There is no such thing as "momentum energy". I think you misread/mistranslated.

6. May 13, 2015

### Quarlep

Whats Ei snd MV^2/2 can someone explain me this simpler just what these things mean and whats the COM frame please
Thanks

Last edited: May 13, 2015
7. May 13, 2015

### Staff: Mentor

The COM frame is the frame where the total momentum is 0. The mv^2/2 is just the non relativistic formula for kinetic energy.

I have no idea what Ei might be referring to. Perhaps you could provide a citation or some context.

Last edited: May 13, 2015
8. May 13, 2015

### Ibix

Assuming you are talking about the formula in the "Frame of reference" section of the Wikipedia article linked above, Ei is the kinetic energy measured by observers at rest in frame i, which is the Center Of Mass (COM) frame. Ek is the kinetic energy measured by observers at rest in some other frame which is moving with speed V with respect to frame i.

Note that the formulae in that web page are non-relatisistic ones. There may be a relativistic section - I haven't read the whole thing.

9. May 13, 2015

### Quarlep

So in my sitatuion The observer in the train will measure a kinetic energy Ei plus the outside observer kinetic energy (which observer i see that objects moves a velocity v) ,that will be his (the observer in the train) total kinetic energy.If thats true how can we calculate Ei.

Last edited: May 13, 2015
10. May 13, 2015

### Ibix

In your case, since there's only one thing (the train) it is stationary in its Center Of Mass frame, so Ei=0. Its kinetic energy in a frame moving at speed v with respect to the train is just $\frac{1}{2}mv^2$, where the mass of the train is m. Or $(\gamma-1)mc^2$, where $\gamma=1/\sqrt{1-v^2/c^2}$ if we're going for the full relativistic treatment.

11. May 13, 2015

### Quarlep

Inside the observer will detect train kinetic energy 1/2mv2 isnt it. You said something different I guess.Just I wanna be sure I have bad english.If you write me again I will be very happy.
Thanks

12. May 13, 2015

### Staff: Mentor

That's not how it works. Since KE is a square function of speed, you have to do your speed transformation first to calculate how fast the observer on the train is moving with respect to the chosen reference. Then you plug that speed into the KE equation.

13. May 13, 2015

### Quarlep

In my question, I asked what we get ,If the observer in the train calculates train kinetic energy.Now the observer inside the train things train speed is zero so train kinetic energy will be zero.But it cant be.The observer which its outside the train call A and the observer which inside the train call B.Train total energy for B will be ET=Ei+1/2Mv2 now our referance frame will be train or B (they are in the same referance frame) russ said I need to calculate speed of observer (B) to referance frame thats zero so we get zero energy (again its not possible) here what I am trying to say .
B will thing" I see A observer moves velocity v " so train kinetic energy will be 1/2mv2 or train is not moving so v is zero . Then Ei is not zero so total energy will be Ei.
Thanks

14. May 13, 2015

### Staff: Mentor

Zero. If an object is not moving, it has no kinetic energy. Kinetic energy is frame-dependent.
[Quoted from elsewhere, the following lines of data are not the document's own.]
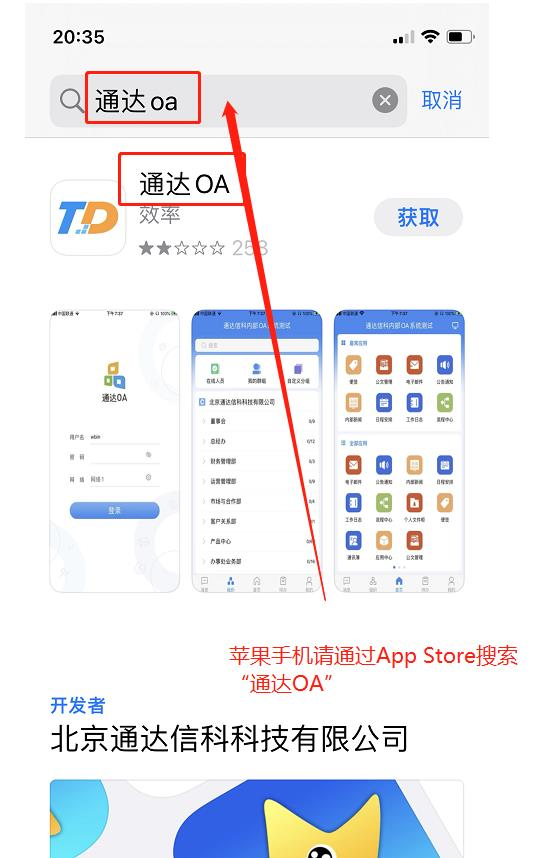 苹果手机通过App Store来下载(搜索“通达OA”)见下图: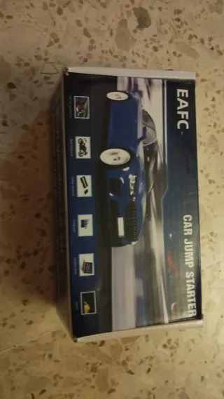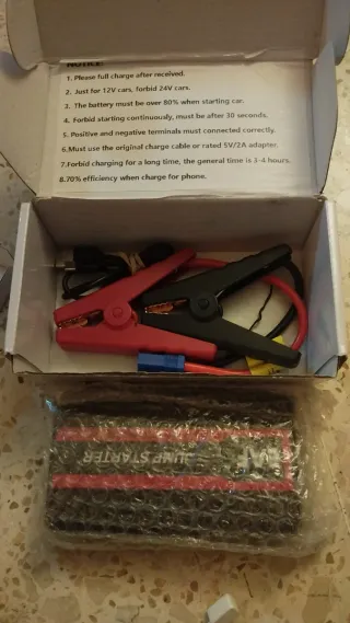 Arrancador de coche portátil para vehículos de 12V. Incluye pinzas rojas y negras, cable de carga y adaptador. - Carga completa recomendada antes del primer uso. - No apto para vehículos de 24V. - La batería debe estar al 80% para arrancar el coche. - Evitar arranques continuos; esperar 30 segundos entre intentos. - Conectar los terminales positivo y negativo correctamente. - Utilizar el cable de carga original o un adaptador de 5V/2A. - Tiempo de carga general: 3-4 horas. - Eficiencia del 70% al cargar un teléfono.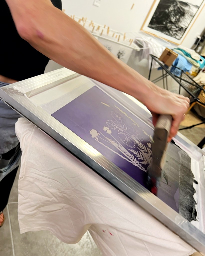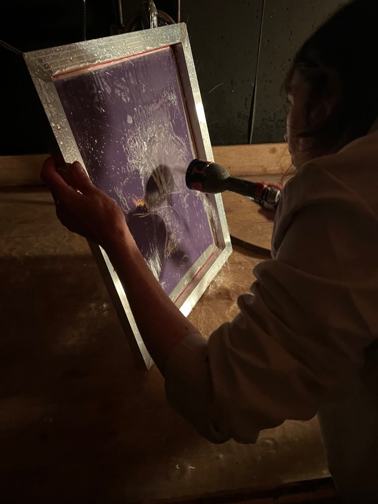 En haut de la montagne, une navigatrice a troqué son bateau pour saisir l’écume des montagnes. Peindre à l’encre de chine avec les plantes des alpages. Imprimer le brisant d’une crête dans la brume matinale. Elle accueille nos gestes hésitants dans un sourire bienveillant et partage cet art de la sérigraphie qu’elle maîtrise avec douceur.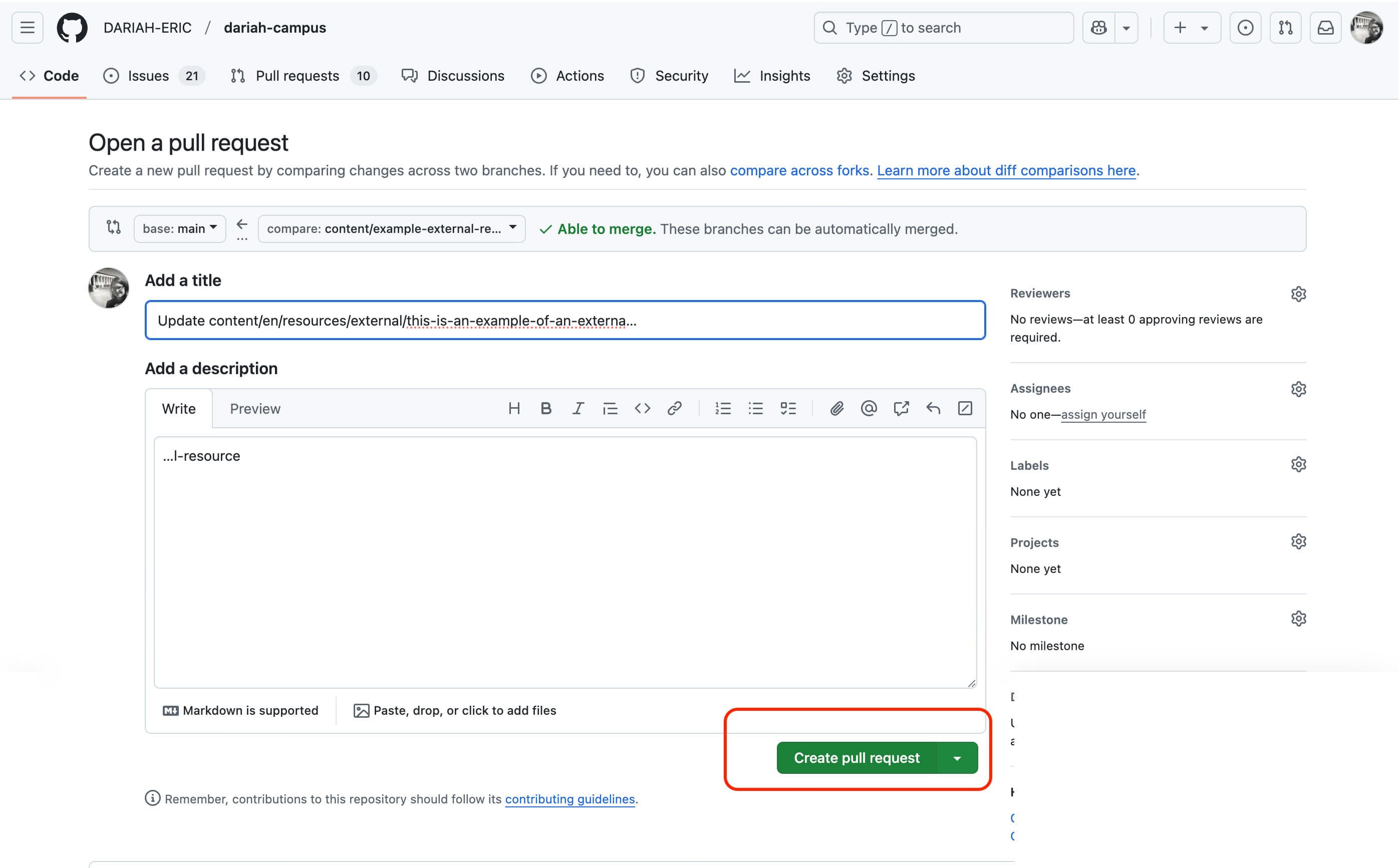 At this point, you may wish to ‘Create’ a pull request, and save your work. You can of course do this at any point in the editing process once the required metadata has been entered. In the case shown in the figure below, this was done before adding the ‘External Resource’ widget. When you choose to create the pull request and save your work is up to you, depending on your own practices, although we recommend saving frequently after a set of changes to ensure nothing is lost in the unlikely event of a website crash, or if you have to step away from your computer.

If you're just looking at a single object, or a system that has all of its parts at rest relative to each other, then $E_i$ is zero, and since $v$ is also zero in the train frame, the train's total kinetic energy is zero. That does not mean its total energy is zero; it still has its rest energy, $Mc^2$.

No. $E_i$ is only nonzero if the system consists of internal parts that are moving relative to its center of mass. For example, suppose there is a merry-go-round inside the train, whose center is anchored to the train, and it is rotating. Then the merry-go-round will have some rotational kinetic energy relative to the train's center of mass; this energy will appear as a nonzero $E_i$ in the equation you see on the Wikipedia page. But this energy has nothing to do with the velocity $v$ of the train as a whole relative to something else.

15. May 13, 2015

### Staff: Mentor

Kinetic energy requires that you define a frame of reference against which to measure it. What is that frame?
Well, it can be, but only if he defines a frame of reference in which the train is stationary. He can do that, but why would he if what he is really looking for is the train's KE with respect to the ground?
So again: you can't use three different reference frames in different parts of the problem. Pick a rest frame, pick an observer and do the whole problem using only those two things. The consistency will eliminate the logical contradictions you are creating.

16. May 13, 2015

### Quarlep

The observer inside the train

I am defining that stationary referance frame observer in the train.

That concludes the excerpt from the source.